At the same time using the Harnack inequality \(\min _{\frac{1}{4}\le t\le \frac{3}{4}}y(t)\ge \frac{1}{4}\Vert y\Vert \) we may estimate \({\widehat{\alpha }}^{\rho }\) from below by

$$\begin{aligned} {\widehat{\alpha }}^{\rho }(y)\ge \frac{1}{4}A\Vert y\Vert +\frac{1}{4}B\Vert y\Vert =\frac{1}{4}(A+B)\Vert y\Vert . \end{aligned}$$

Thus, if

$$\begin{aligned} \left( y\left( \frac{1}{2}\right) \right) ^2+\sqrt{y\left( \frac{3}{4}\right) }<\Vert y\Vert ^2+\sqrt{\Vert y\Vert }\le \frac{1}{4}(A+B)\Vert y\Vert \le {\widehat{\alpha }}^{\rho }(y) \end{aligned}$$
(2.12)

is satisfied for each \(y\in \partial \Omega _{\rho }\), for some \(\rho >0\), then the functional \({\widehat{\alpha }}^{\rho }\) will serve as a suitable upper bound, provided that inequality (2.11) holds.
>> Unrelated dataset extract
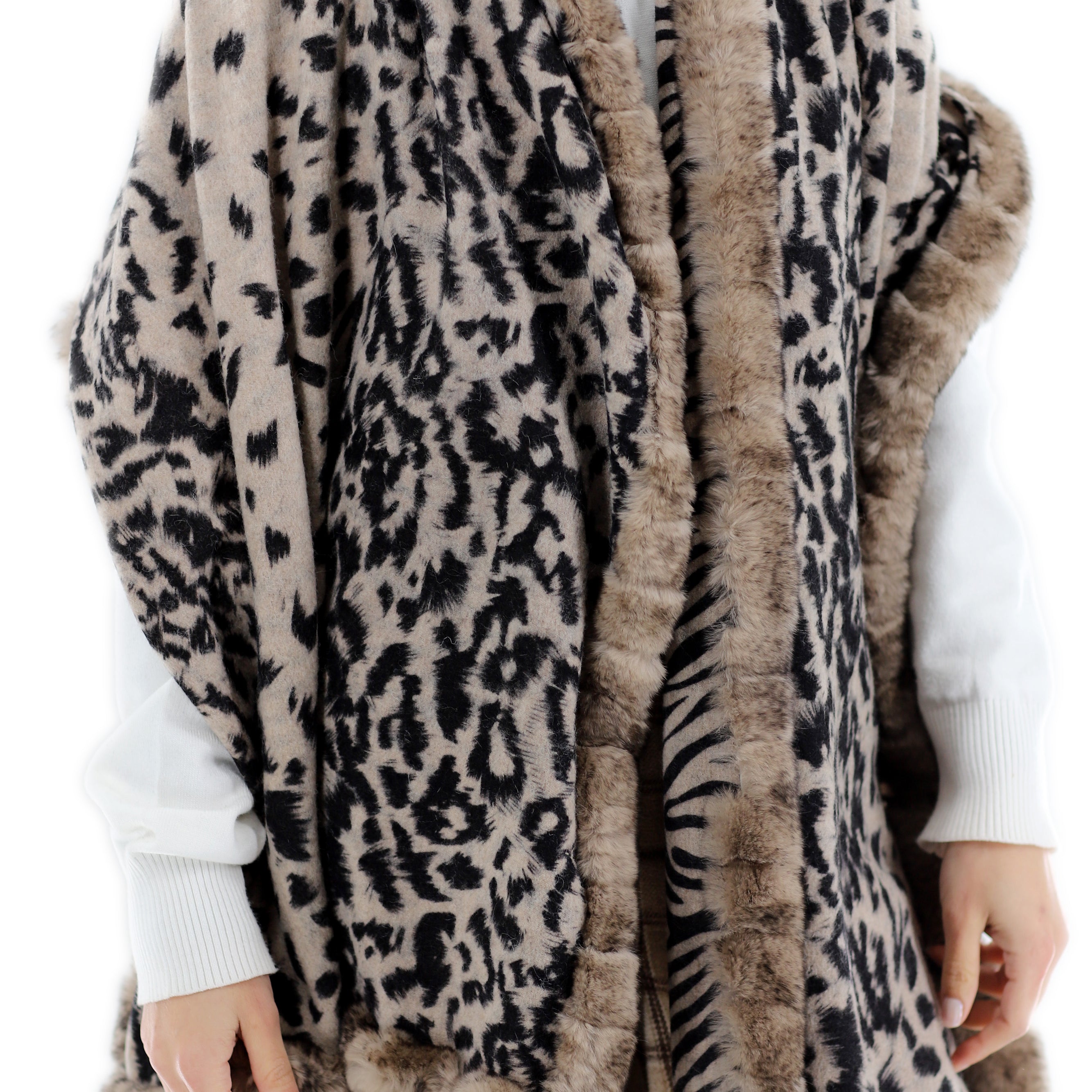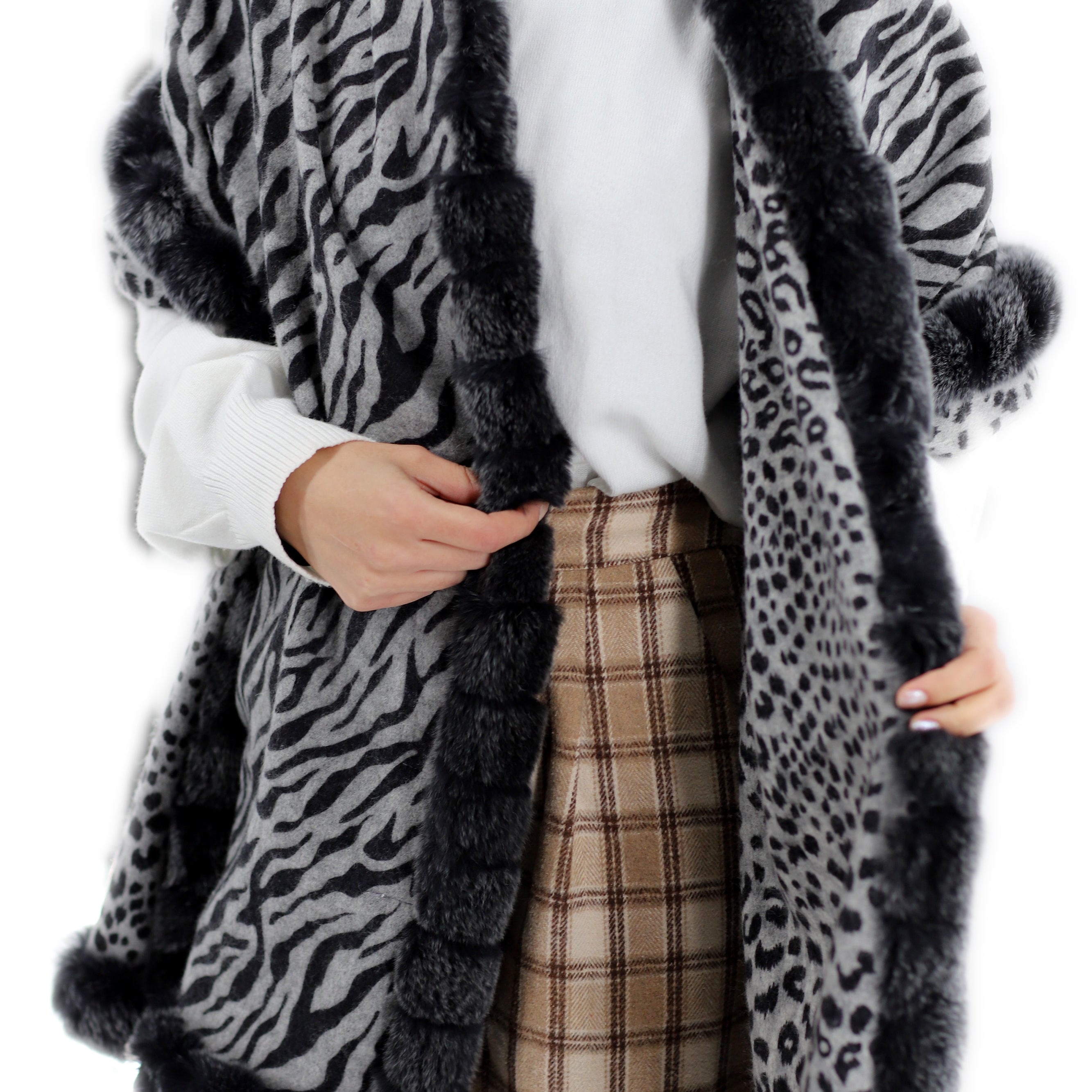 Reversible Grey Leopard Print Wrap with Genuine Rex Rabbit Fur Trim - Grey Leopard

But conditions (2.11)–(2.12) are not compatible since there exist no values of A, B, \(\rho >0\) such that \(\Vert y\Vert =\rho \) implies (2.11)–(2.12).

All in all, as regards problem (2.5) we see that the methodology we have presented in this paper may be more easily applicable since it does not rely on discovering a functional \(\alpha ^{\rho }\) and then demonstrating that it acts as a suitable upper bound on the nonlocal element. Rather by means of \({\mathcal {K}}\) and the \({\widehat{V}}\)-type sets we can restrict our analysis to “pointwise values”. So, in some cases the methodology introduced here may be easier and more flexible to apply than competing methodologies.

Remark 2.11

We remark that while we have compared our methodology here with competing methodologies in the case of nonlinear, nonlocal boundary conditions, it is, nonetheless, the case that Theorem 2.5 can apply to the case of linear nonlocal boundary conditions.